== Task item ==
Find the line containing "#rasdecou #bijoux #perle" in the records below. Copy exactly that line and each one after it, ending at the line containing "而要说圆月弯刀最经典的一幕,是在2001", and nothing more.

== Supplied records ==
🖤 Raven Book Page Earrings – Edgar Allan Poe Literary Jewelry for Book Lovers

* * *

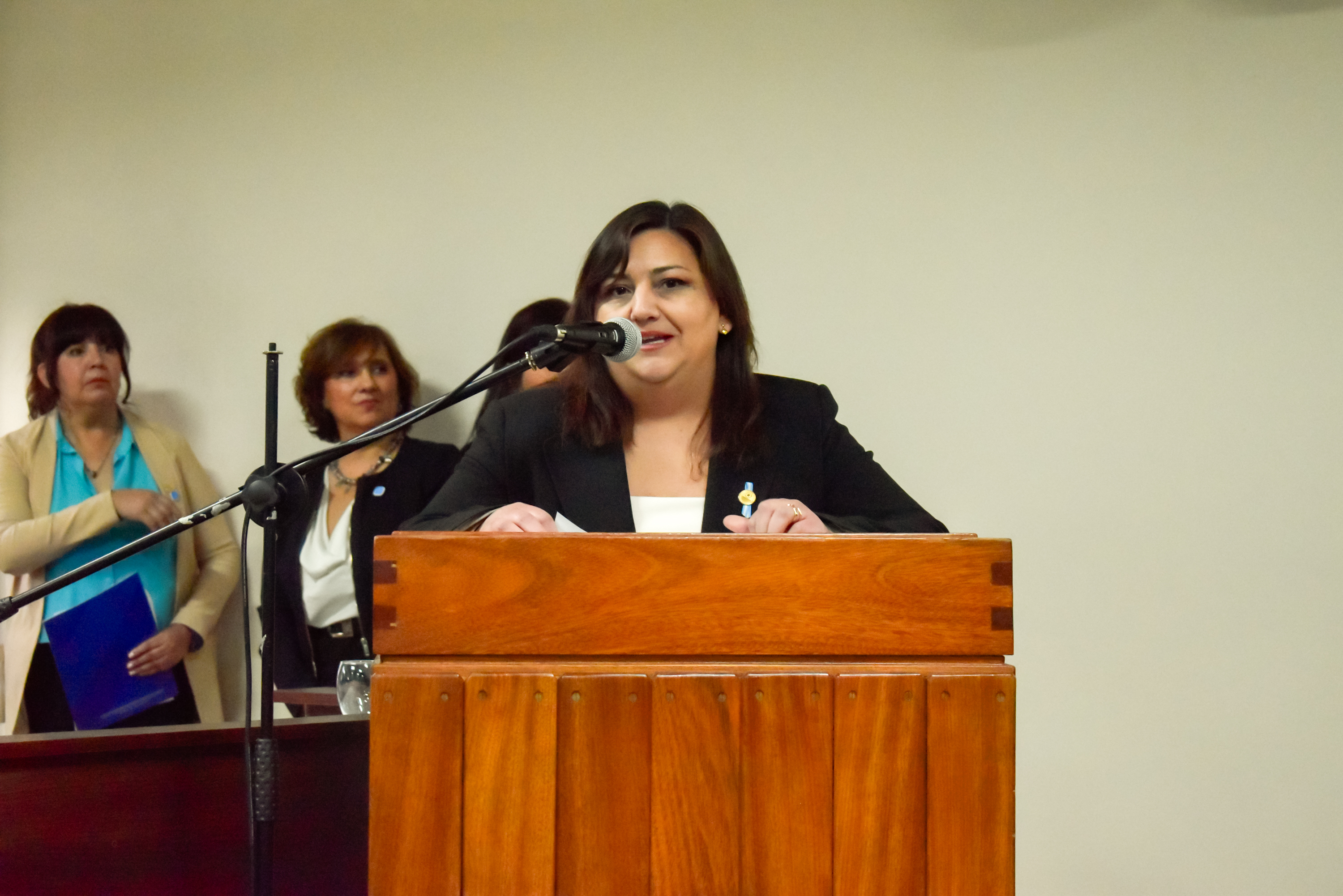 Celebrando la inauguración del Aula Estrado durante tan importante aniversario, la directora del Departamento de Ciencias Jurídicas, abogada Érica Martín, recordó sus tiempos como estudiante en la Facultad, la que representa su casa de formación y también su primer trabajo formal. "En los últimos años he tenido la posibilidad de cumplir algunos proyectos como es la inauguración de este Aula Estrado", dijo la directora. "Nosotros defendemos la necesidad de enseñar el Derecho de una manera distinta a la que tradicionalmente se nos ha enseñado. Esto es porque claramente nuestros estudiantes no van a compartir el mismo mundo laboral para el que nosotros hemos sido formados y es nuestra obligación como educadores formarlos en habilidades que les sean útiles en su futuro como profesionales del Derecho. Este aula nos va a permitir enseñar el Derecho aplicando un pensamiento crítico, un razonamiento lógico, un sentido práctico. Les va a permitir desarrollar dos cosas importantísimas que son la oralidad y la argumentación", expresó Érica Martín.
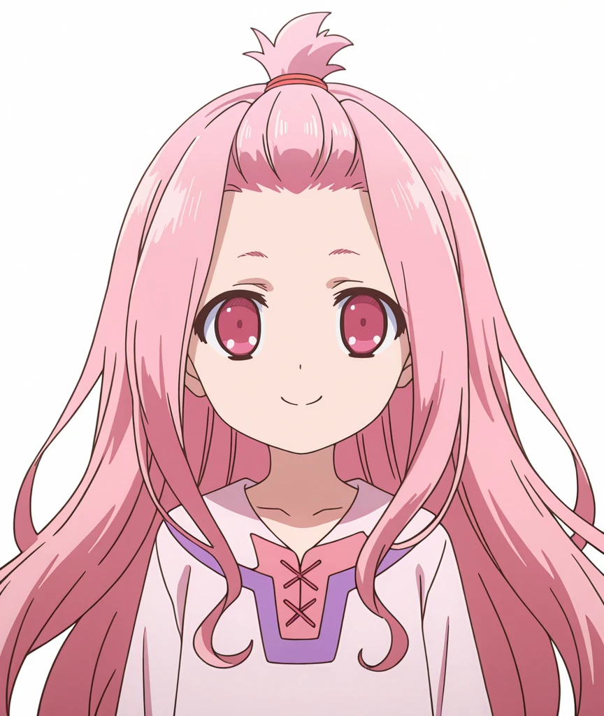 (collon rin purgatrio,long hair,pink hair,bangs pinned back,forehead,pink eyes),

==

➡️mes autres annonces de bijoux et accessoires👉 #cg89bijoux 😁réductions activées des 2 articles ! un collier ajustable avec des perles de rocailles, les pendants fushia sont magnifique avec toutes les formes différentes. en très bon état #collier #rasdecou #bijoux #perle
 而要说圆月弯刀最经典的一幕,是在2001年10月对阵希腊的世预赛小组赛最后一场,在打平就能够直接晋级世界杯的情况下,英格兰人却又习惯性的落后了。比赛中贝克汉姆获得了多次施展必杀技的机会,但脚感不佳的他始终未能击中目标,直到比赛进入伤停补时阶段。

== Result for this task ==
➡️mes autres annonces de bijoux et accessoires👉 #cg89bijoux 😁réductions activées des 2 articles ! un collier ajustable avec des perles de rocailles, les pendants fushia sont magnifique avec toutes les formes différentes. en très bon état #collier #rasdecou #bijoux #perle
 而要说圆月弯刀最经典的一幕,是在2001年10月对阵希腊的世预赛小组赛最后一场,在打平就能够直接晋级世界杯的情况下,英格兰人却又习惯性的落后了。比赛中贝克汉姆获得了多次施展必杀技的机会,但脚感不佳的他始终未能击中目标,直到比赛进入伤停补时阶段。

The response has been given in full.